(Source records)
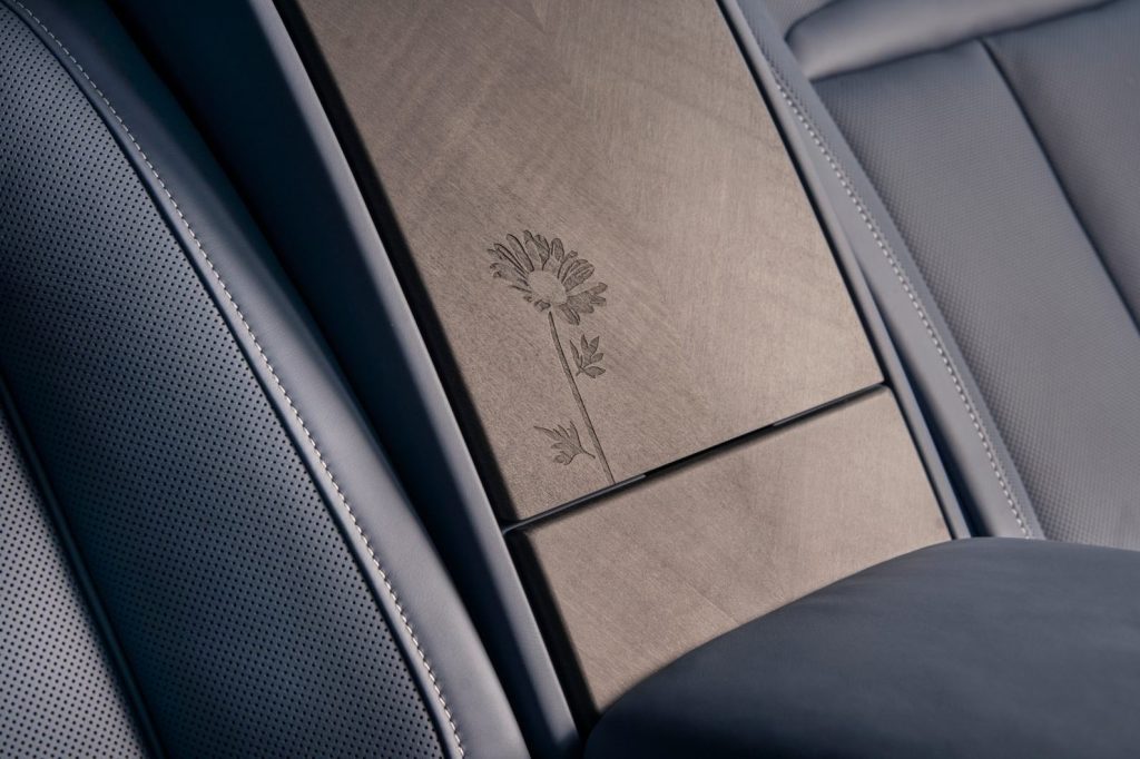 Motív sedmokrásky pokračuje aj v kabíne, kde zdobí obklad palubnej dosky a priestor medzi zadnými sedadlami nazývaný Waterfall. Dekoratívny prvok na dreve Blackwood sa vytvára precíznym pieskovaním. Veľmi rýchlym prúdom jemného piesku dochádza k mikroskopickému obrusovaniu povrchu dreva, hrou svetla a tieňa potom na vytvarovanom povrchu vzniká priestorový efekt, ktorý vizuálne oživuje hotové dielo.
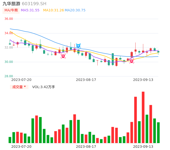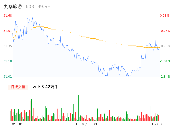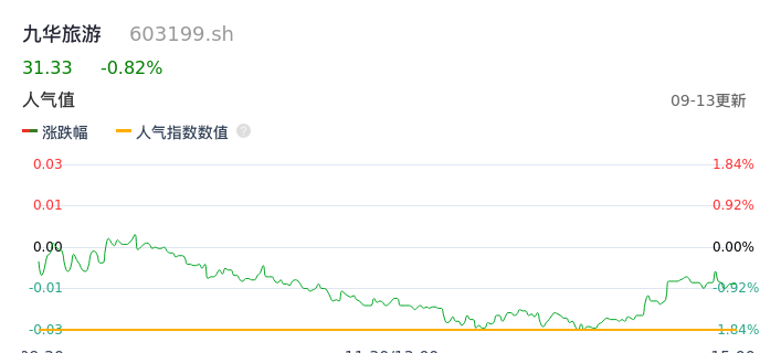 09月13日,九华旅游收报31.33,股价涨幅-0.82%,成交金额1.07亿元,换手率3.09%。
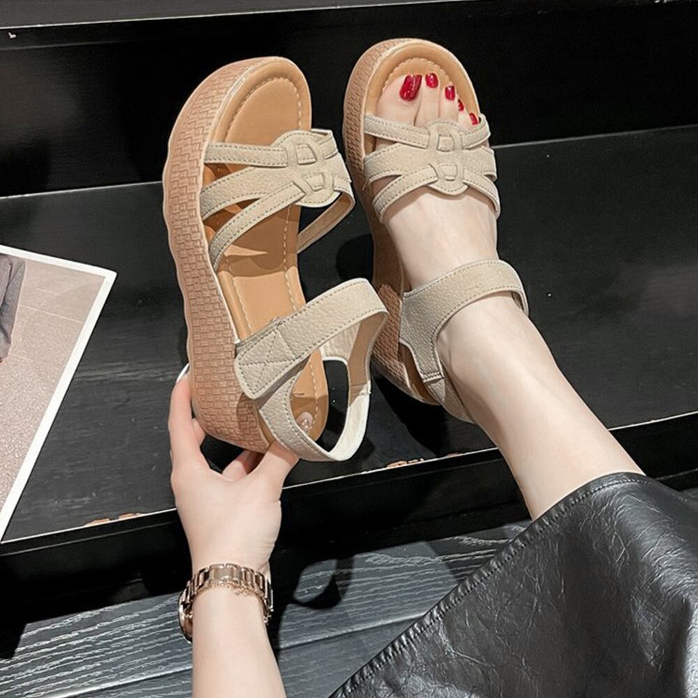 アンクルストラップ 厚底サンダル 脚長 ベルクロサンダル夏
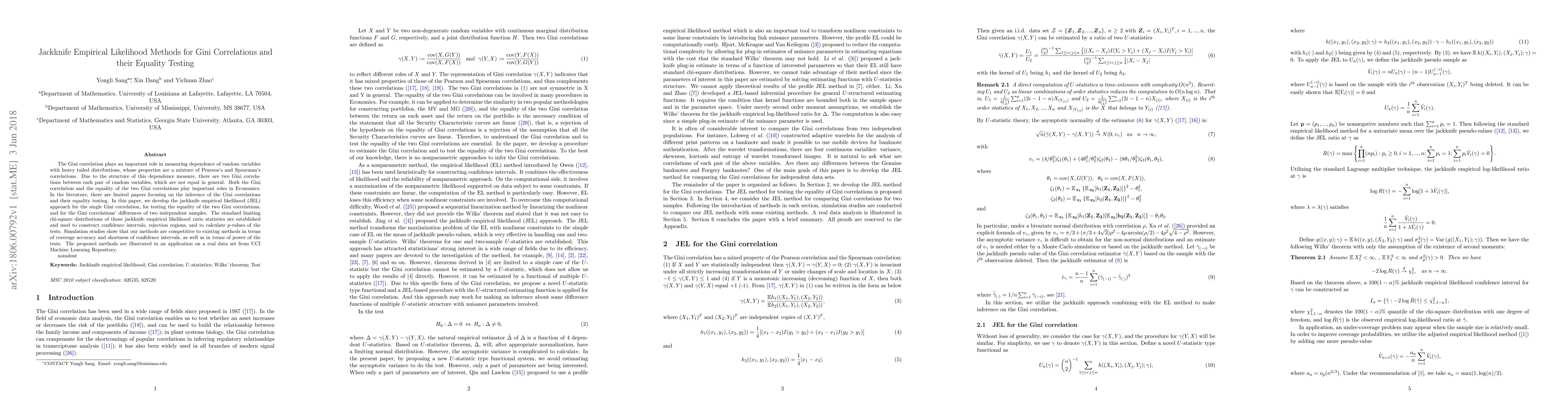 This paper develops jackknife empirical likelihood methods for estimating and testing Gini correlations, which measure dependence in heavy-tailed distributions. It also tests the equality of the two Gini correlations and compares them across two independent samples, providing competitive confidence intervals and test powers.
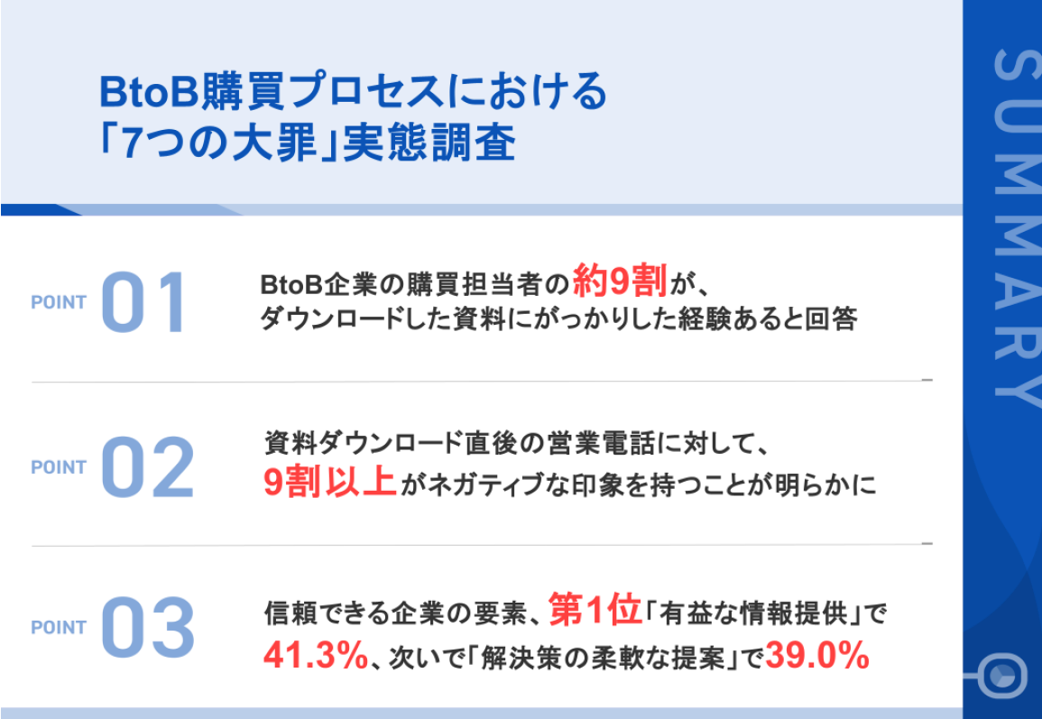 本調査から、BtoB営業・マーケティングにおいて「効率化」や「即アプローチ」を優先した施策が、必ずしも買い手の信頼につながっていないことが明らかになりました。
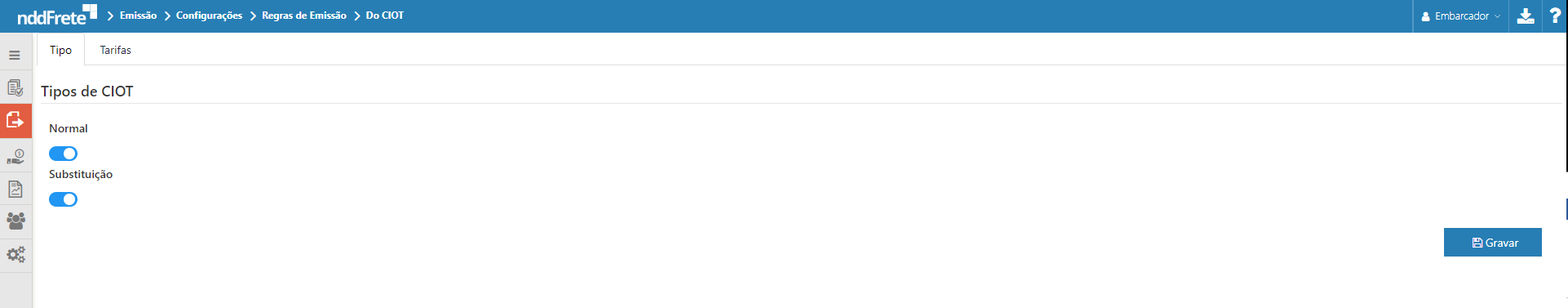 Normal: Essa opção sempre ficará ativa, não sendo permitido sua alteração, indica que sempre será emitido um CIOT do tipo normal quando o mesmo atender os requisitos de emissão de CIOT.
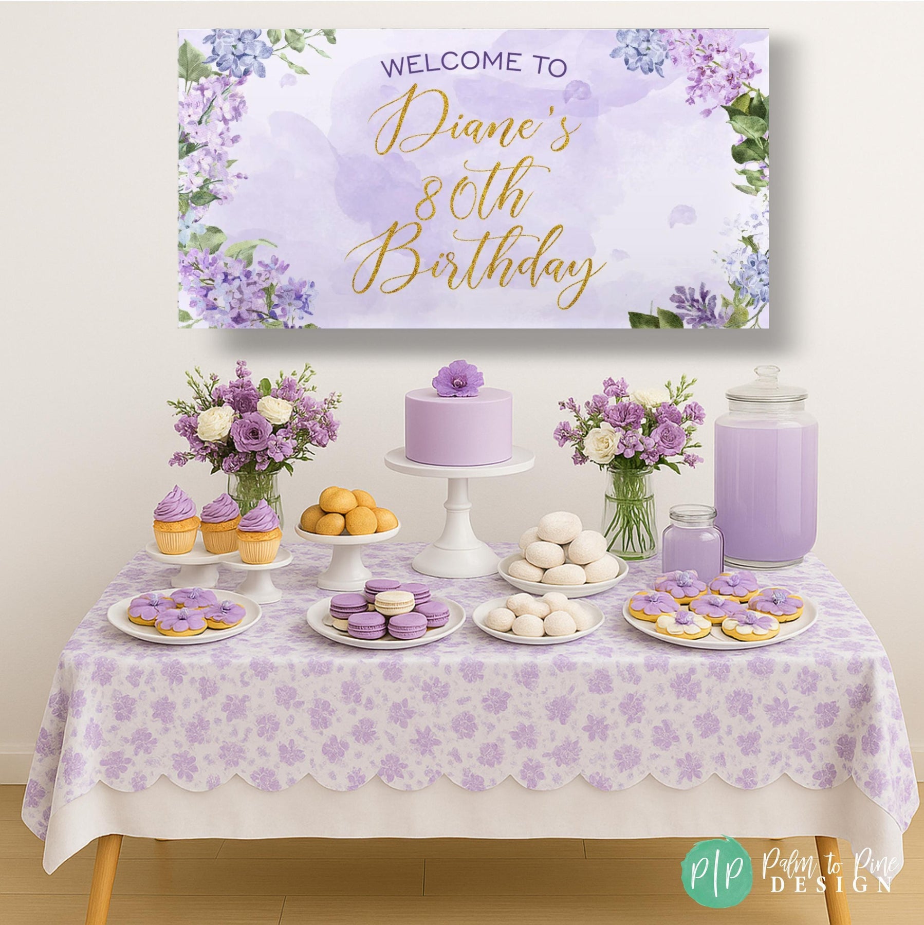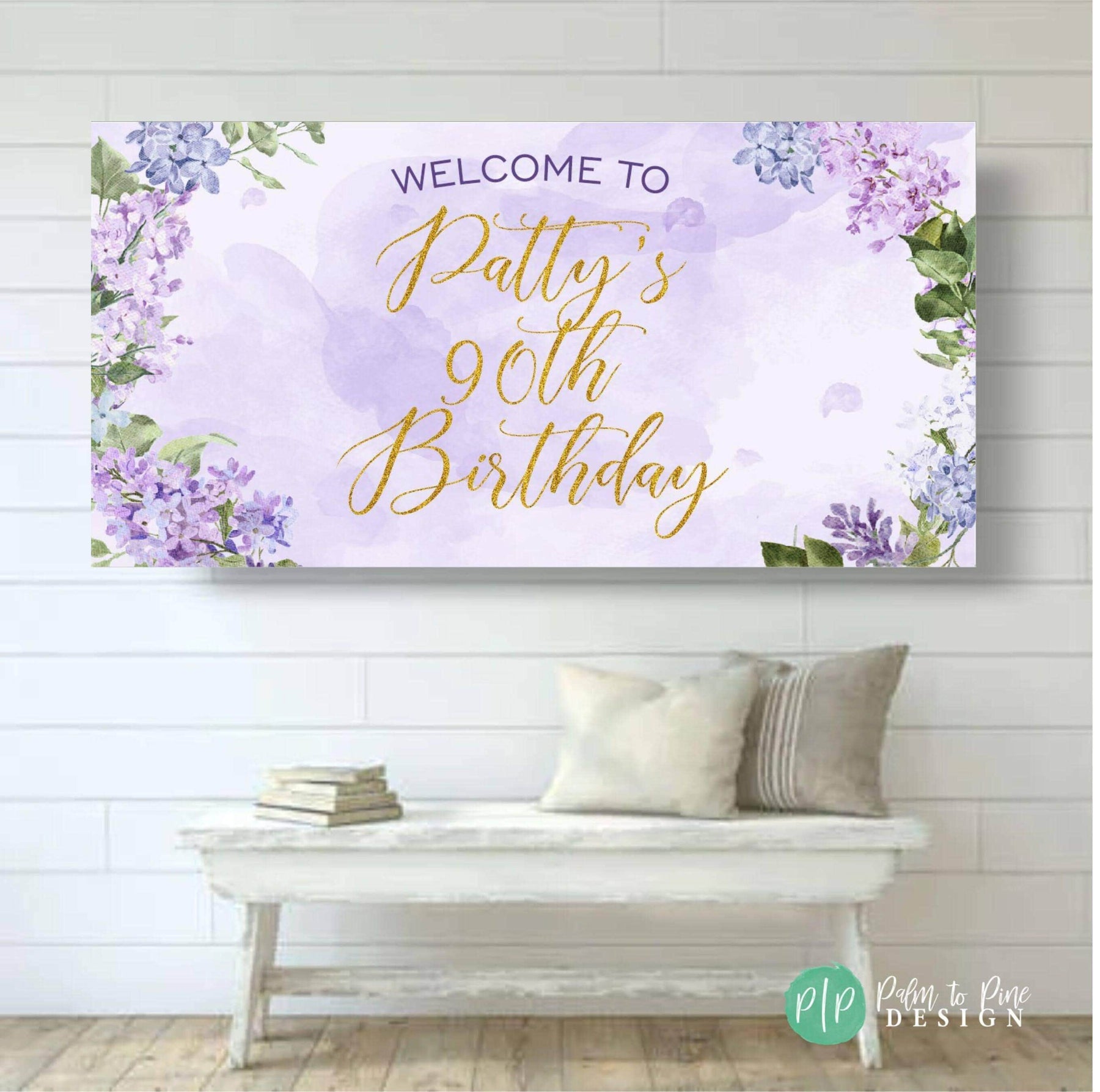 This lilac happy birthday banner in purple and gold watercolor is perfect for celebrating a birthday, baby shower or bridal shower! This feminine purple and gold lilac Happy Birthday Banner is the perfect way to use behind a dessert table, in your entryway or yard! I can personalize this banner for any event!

What this task involves:
Please repeat, exactly as written, the lines in the records above, starting with the one that has "本調査から、BtoB営業・マ" and going on through the one that has "Normal: Essa opção sempre". Pictures are to be left out.

Problem solution:
 本調査から、BtoB営業・マーケティングにおいて「効率化」や「即アプローチ」を優先した施策が、必ずしも買い手の信頼につながっていないことが明らかになりました。
 Normal: Essa opção sempre ficará ativa, não sendo permitido sua alteração, indica que sempre será emitido um CIOT do tipo normal quando o mesmo atender os requisitos de emissão de CIOT.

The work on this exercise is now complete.